More fast food to the god of fast food! Yes, it's America - the birthplace of fast food. There are a lot of options to have a bite to eat in this country, today we will consider a relative of our sausage in the test - a dog-dog. In its essence, this is an ordinary sausage in batter, but the claret is made according to a recipe that is unusual for us. Its peculiarity lies in the fact that the basis is corn flour, which provides a unique texture and taste. So, the necessary ingredients:

  • Wheat flour - 150 grams;
  • Corn flour - 150 grams;
  • Baking powder - 1,5 tsp.
  • Soda - 2 tsp.
  • Sugar 4.5 tbsp. Spoons;
  • Paprika 1.5 tbsp. Spoons;
  • Egg - 1 piece;
  • Egg yolk - 1 piece;
  • Milk - 3 tbsp.

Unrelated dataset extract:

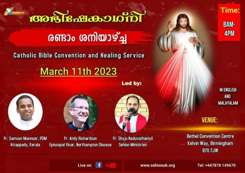 മാര്ച്ച് മാസ അഭിഷേകാഗ്നി രണ്ടാം ശനിയാഴ്ച ബൈബിള് കണ്വെന്ഷന് 11 ന് ബര്മിങ്ഹാം ബെഥേല് കണ്വെന്ഷന് സെന്റെറില് നടക്കും. പ്രമുഖ വചന പ്രഘോഷകനായ അട്ടപ്പാടി സെഹിയോന് ധ്യാനകേന്ദ്രത്തിലെ ഫാ സാംസണ് മണ്ണൂര് PDM കണ്വെന്ഷനില് ശുശ്രൂഷ നയിക്കും . നോര്ത്താംപ്ടണ് രൂപതയുടെ എപ്പിസ്കോപ്പല് വികാരി ഫാ ആന്ഡി റിച്ചാര്ഡ്സണ് AFCM യുകെയുടെ ആത്മീയ പിതാവ് ഫാ. ഷൈജു നടു വത്താനിയിലിനൊപ്പം കണ്വെന്ഷനില് പങ്കെടുക്കും .
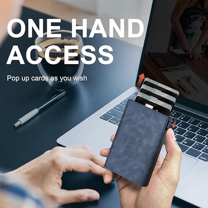 - QUICK ACCESS: A gentle press of the button allows you swift card access in this men's wallet, while the smart lever mechanism prevents any accidental card spills.

Spoons;
  • Salt - 1 teaspoon (without a slide);
  • Sausages - 9 pieces;
  • Vegetable oil for frying refined;
  • Flour for deboning sausages;
  • Wooden skewers for stringing sausages.

Yes, it's sausages in the fried test, but do not be afraid of excess fat: just put the ready meal on paper towels to take away excess oil.

Preparation

  • For the preparation of batter, mix all the dry foods until smooth, add egg, yolk and, without stopping stirring, pour in the milk. Mix until smooth and pour into a high container (for example, a large glass).
  • Put the sausages on the skewers.
  • Sift some flour into a plate and roll sausages in it. This step can not be skipped, since otherwise the claret will not hold.
  • Put a pan with a thick bottom on medium heat, pour in a layer of butter approximately 2 cm thick. Sausages one by one, lower into a container with batter, scrolling. The liquid dough will spread smoothly and evenly over the sausage. Spread the prepared products into the oil one at a time, scrolling the sausages in a dough in a frying pan around their axis, so that the stew is cooked evenly. If you saw that the dough from some side becomes flat (thanks to the bottom of the pan), then simply smooth it with a spatula.
  • The finished dish should be intense golden in color. Put it on paper napkins. Serve sausages both warm and cold, always with your favorite sauces.

We decorate the dish

Sausage in the dough - this is not a dish that boasts a wide palette of tastes. In order to give the flavor of baking, increase its satiety and add a little utility, you can use the following tips:

  • Lubricate the dough with your favorite sauces before wrapping the filling in it. Do not be afraid of the sharp tastes of tomato sauce and mustard - they will make the ready sausage in the dough richer and more saturated.
  • Put some cabbage out (like in a pie filling) and add it to the sausage before wrapping it in the dough. You will receive the so-called "worker breakfast". The only thing for this recipe is to use a yeast dough.
  • How to make a sausage in the test, we showed above, and now tell you how to modify it to a portioned analog of pizza. To do this, simply add cheese to the sausage, which is easy to melt, tomato sauce, a little garlic and spices. If desired, you can supplement the filling with pre-fried mushrooms. In its raw form, it is not recommended to put them, as they give too much juice - the dough will get wet and burst.
  • Sausage in the dough is a delicious food from the category of "pampering", it can not be useful. However, nothing prevents you from ennobling this dish by replacing the usual semi-finished products with light sausages from poultry meat, adding more vegetables to the filling, and using whole wheat and bran instead of a part of wheat flour.